Cuando un estado es incapaz de garantizar la seguridad de los individuos y comunidades que lo conforman, puede decirse que ese estado se encuentra en decadencia. Cuando en los siglos IV y V el estado romano ya no pudo contener en sus fronteras el avance de los bárbaros, proliferaron las murallas. La estabilidad del imperio que dio confianza y prosperidad a sus habitantes en los siglos anteriores, había desaparecido. Las vías -arterias vitales de las provincias- ya no eran seguras. Las ciudades se aislaron y encerraron. La red que sustentaba y daba vida al mundo mediterráneo comenzó a romperse. La decadencia de una civilización es consecuencia de los fracasos de su sociedad y frente a ella, no hay muro que resista.
Lo triste de esta historia es que, luego de quince siglos, se sigue repitiendo en nuestro mundo, con todos los matices que puede dar la distancia física y temporal. En México, decenas de ciudades son azotadas desde hace años por el monstruo de la criminalidad y su hermana la violencia. La inseguridad se ha convertido en una característica de las ciudades modernas. Los relatos de personas asesinadas, desaparecidas, secuestradas, violadas, heridas, asaltadas y extorsionadas han dejado de ser excepciones para convertirse de unos años a la fecha en parte del vivir cotidiano de urbes como, por ejemplo, Torreón y sus suburbios, en donde se registran, en promedio, dos homicidios y 22 robos cada día, de acuerdo con reportes periodísticos y estadísticas oficiales.
Como hemos visto hasta ahora, por más acciones que las autoridades emprendan y por más recursos que se inviertan, la delincuencia no ha logrado ser acotada a niveles que permitan recuperar la anhelada normalidad social. Pese a algunas detenciones y bajas, anunciadas como grandes golpes de las corporaciones contra los criminales, los delitos siguen estando a la orden del día. Y esta inseguridad ha redundado en el temor de los ciudadanos, quienes ante la desconfianza que le provoca la mayoría de las autoridades, optan por no denunciar y por asumir, en general, una postura de defensa particular de su vida y su patrimonio.
Algunas familias, las que pueden, han decidido abandonar su ciudad e incluso el país en busca de entornos menos hostiles. Según datos de la Organización de las Naciones Unidas, la situación de violencia en México ha motivado en los últimos cinco años el desplazamiento de al menos un millón de personas. Y las que se quedan, buscan la forma de protegerse, de asumir en sus manos su propia seguridad. Quienes tienen la posibilidad, se refugian en las nuevas colonias cerradas que se construyen cada vez en mayor medida. O, en su defecto, se organizan con sus vecinos para levantar un muro o una reja para cerrar su calle en las colonias más viejas.

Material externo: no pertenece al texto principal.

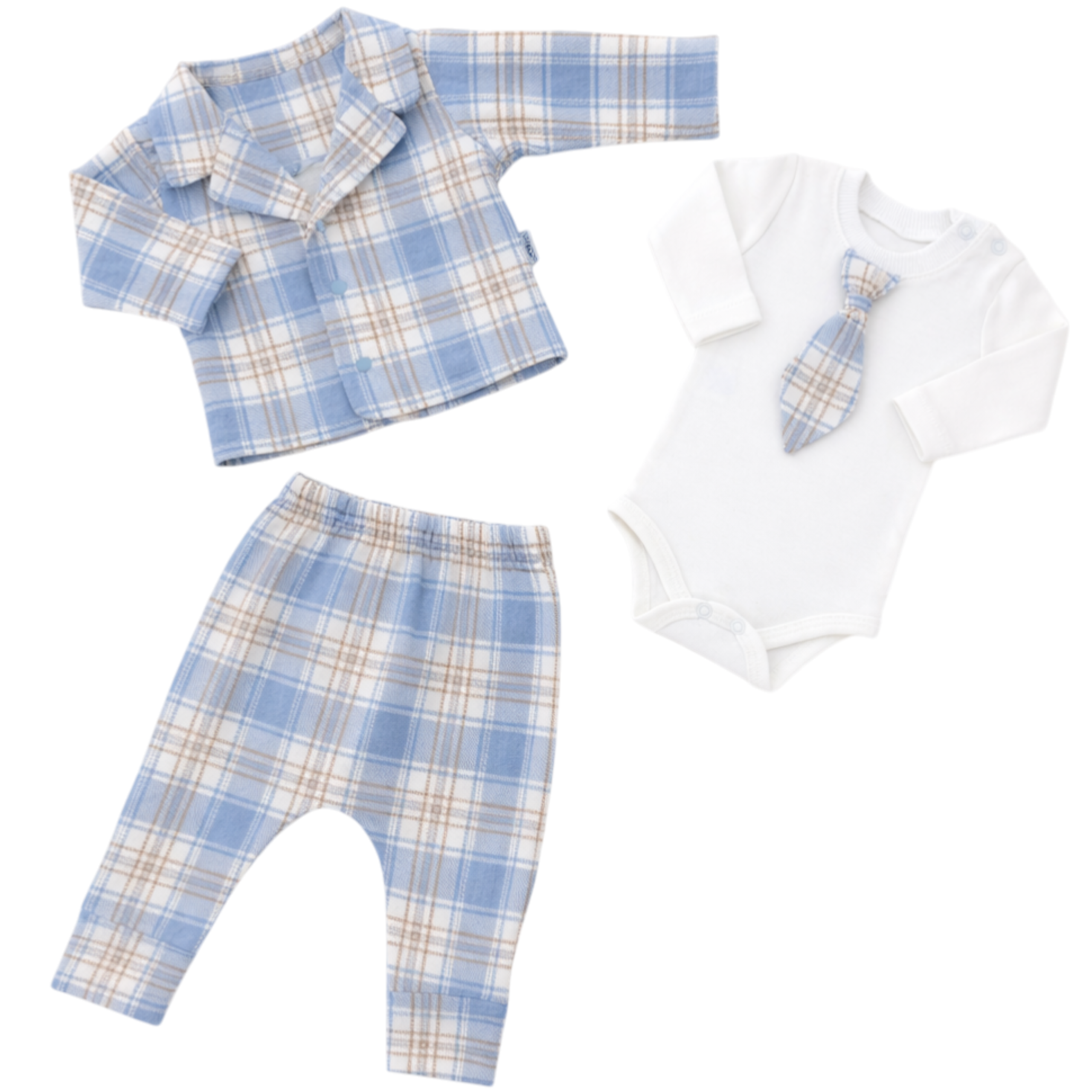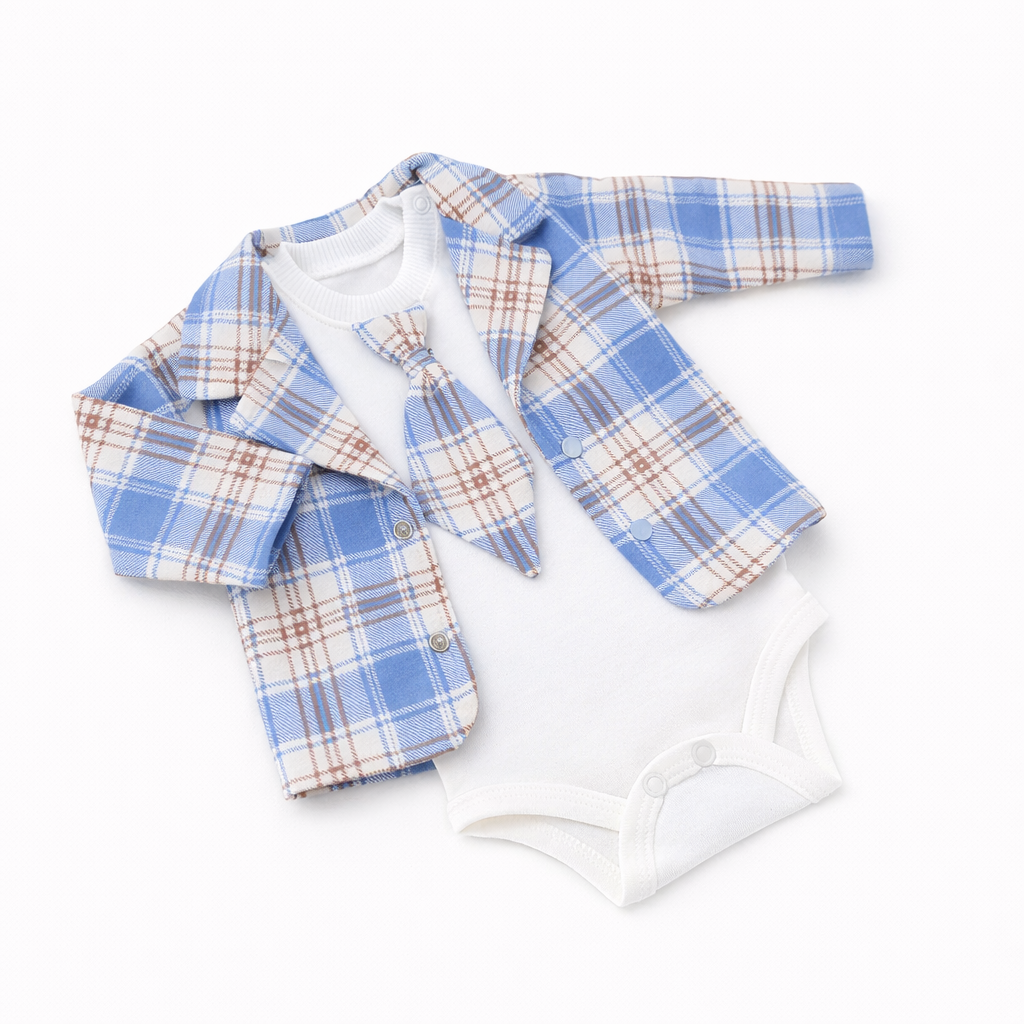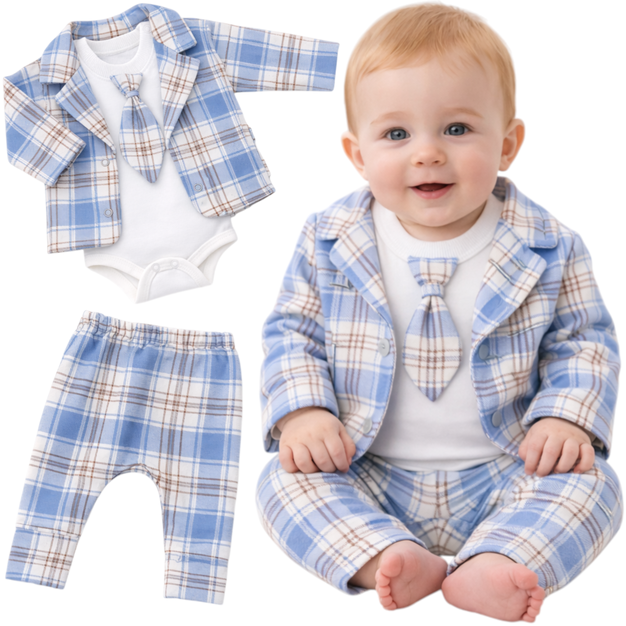Wyjątkowy, elegancki komplet niemowlęcy składający się z marynarki w modną niebieską kratę, body z krawatem oraz spodni w dopasowanym wzorze. Idealny wybór na uroczystości rodzinne, chrzest, wesele, święta czy sesję zdjęciową.

Pero a la mayoría, que vive en colonias populares, no le queda de otra que resignarse a ser pasto de los criminales.
Hasta hoy, la única respuesta frente a la vulnerabilidad ha sido el aislamiento. Pero sin ser una verdadera solución, pues por muy encerrado que se pueda vivir el riesgo de ser violentado siempre está latente, el aislamiento sugiere erigir a la desconfianza como nuevo código social urbano. Ya no sólo es la indiferencia hacia el otro, ahora también es la enemistad. Es, como en la decadente Roma, la claudicación del ciudadano y la afirmación del individuo particular. Al encerrarnos con nuestros miedos abandonamos el espíritu de solidaridad que debe ser el factor de cohesión de una sociedad y abrimos paso en nuestras conciencias al grito desesperado de "¡sálvese quien pueda!". Soy yo o los demás, porque ya no cabe el somos todos.
Es cierto, en el asunto de la seguridad, como en muchos otros, los gobiernos han fallado, pero también la sociedad. Hasta hoy como ciudadanos hemos sido incapaces de asumir nuestro papel y generar un auténtico contrapeso a quienes detentan el poder y controlan las instituciones del estado. No hemos logrado acotar sus acciones deshonestas, sus posturas negligentes, sus evidentes omisiones y oscuras complicidades. Únicamente hemos hecho nuestro el derecho a reclamar, a cuestionar, pero de ahí no pasamos. Nuestra democracia está estancada en el escarnio y la vociferación.
Si no queremos que nuestra región fracase asolada por el miedo y derrotada por la incertidumbre, es necesario que los ciudadanos, en vez de aislarnos, nos reencontremos en el espacio público para construir, desde abajo, soluciones verdaderas a la inseguridad y a otros males relacionados con la misma. Pero para eso, primero se debe repensar el ejercicio de la política para que ésta deje de ser patrimonio exclusivo de los partidos e individuos que con su proceder la denigran y, de paso, nos perjudican. Si no caminamos en ese sentido, veremos a nuestra sociedad caer, como Roma cayó hace siglos, con todo y sus murallas.